Below are several records. Retype exactly those lines running from the one with "Lieferumfang Hartöl 0,375" through the one with "洲明以LED光显产品为载体,融合软件定义", end lines included, and no others.

#### Supplied data ####

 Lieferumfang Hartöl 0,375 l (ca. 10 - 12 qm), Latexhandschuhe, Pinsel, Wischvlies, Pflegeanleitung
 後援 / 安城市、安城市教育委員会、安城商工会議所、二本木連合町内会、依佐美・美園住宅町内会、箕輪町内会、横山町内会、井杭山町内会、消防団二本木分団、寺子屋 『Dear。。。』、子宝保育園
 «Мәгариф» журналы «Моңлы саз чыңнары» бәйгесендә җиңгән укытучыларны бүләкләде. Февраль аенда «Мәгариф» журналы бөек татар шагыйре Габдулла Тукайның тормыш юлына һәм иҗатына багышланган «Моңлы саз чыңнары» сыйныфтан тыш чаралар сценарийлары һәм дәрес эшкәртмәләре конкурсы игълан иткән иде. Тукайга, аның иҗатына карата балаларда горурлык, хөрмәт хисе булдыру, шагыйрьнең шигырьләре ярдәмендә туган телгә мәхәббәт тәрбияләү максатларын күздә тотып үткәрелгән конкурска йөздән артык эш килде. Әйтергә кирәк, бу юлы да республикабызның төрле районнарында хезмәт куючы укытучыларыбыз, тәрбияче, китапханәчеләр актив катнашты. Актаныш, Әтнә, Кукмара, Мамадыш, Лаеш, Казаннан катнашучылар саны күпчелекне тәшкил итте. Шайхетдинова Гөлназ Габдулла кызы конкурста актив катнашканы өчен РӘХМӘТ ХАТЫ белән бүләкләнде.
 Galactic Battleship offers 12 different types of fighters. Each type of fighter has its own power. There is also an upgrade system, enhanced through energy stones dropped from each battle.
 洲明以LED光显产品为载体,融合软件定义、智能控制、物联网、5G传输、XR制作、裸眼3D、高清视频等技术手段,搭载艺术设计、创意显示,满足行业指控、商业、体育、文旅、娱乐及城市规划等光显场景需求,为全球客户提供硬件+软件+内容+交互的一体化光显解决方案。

####
#### Supplied data ####

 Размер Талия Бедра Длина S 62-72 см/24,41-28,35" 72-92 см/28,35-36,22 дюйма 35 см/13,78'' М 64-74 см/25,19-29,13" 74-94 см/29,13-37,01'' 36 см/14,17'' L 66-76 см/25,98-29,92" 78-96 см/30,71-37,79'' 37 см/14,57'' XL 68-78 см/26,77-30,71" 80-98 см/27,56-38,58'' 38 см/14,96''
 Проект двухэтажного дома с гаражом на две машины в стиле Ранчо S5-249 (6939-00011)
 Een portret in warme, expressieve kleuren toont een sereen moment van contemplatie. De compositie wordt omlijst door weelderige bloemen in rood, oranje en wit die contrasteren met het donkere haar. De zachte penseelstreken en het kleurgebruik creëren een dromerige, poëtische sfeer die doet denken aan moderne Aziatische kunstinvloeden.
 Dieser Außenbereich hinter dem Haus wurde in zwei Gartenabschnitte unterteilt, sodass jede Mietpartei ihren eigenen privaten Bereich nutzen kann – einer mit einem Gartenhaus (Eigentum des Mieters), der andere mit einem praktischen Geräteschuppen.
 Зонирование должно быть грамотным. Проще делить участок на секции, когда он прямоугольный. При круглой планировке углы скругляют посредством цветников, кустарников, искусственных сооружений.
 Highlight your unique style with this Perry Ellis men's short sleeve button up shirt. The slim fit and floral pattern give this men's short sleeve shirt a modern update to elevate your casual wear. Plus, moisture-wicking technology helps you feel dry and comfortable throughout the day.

####

Solved problem
 Lieferumfang Hartöl 0,375 l (ca. 10 - 12 qm), Latexhandschuhe, Pinsel, Wischvlies, Pflegeanleitung
 後援 / 安城市、安城市教育委員会、安城商工会議所、二本木連合町内会、依佐美・美園住宅町内会、箕輪町内会、横山町内会、井杭山町内会、消防団二本木分団、寺子屋 『Dear。。。』、子宝保育園
 «Мәгариф» журналы «Моңлы саз чыңнары» бәйгесендә җиңгән укытучыларны бүләкләде. Февраль аенда «Мәгариф» журналы бөек татар шагыйре Габдулла Тукайның тормыш юлына һәм иҗатына багышланган «Моңлы саз чыңнары» сыйныфтан тыш чаралар сценарийлары һәм дәрес эшкәртмәләре конкурсы игълан иткән иде. Тукайга, аның иҗатына карата балаларда горурлык, хөрмәт хисе булдыру, шагыйрьнең шигырьләре ярдәмендә туган телгә мәхәббәт тәрбияләү максатларын күздә тотып үткәрелгән конкурска йөздән артык эш килде. Әйтергә кирәк, бу юлы да республикабызның төрле районнарында хезмәт куючы укытучыларыбыз, тәрбияче, китапханәчеләр актив катнашты. Актаныш, Әтнә, Кукмара, Мамадыш, Лаеш, Казаннан катнашучылар саны күпчелекне тәшкил итте. Шайхетдинова Гөлназ Габдулла кызы конкурста актив катнашканы өчен РӘХМӘТ ХАТЫ белән бүләкләнде.
 Galactic Battleship offers 12 different types of fighters. Each type of fighter has its own power. There is also an upgrade system, enhanced through energy stones dropped from each battle.
 洲明以LED光显产品为载体,融合软件定义、智能控制、物联网、5G传输、XR制作、裸眼3D、高清视频等技术手段,搭载艺术设计、创意显示,满足行业指控、商业、体育、文旅、娱乐及城市规划等光显场景需求,为全球客户提供硬件+软件+内容+交互的一体化光显解决方案。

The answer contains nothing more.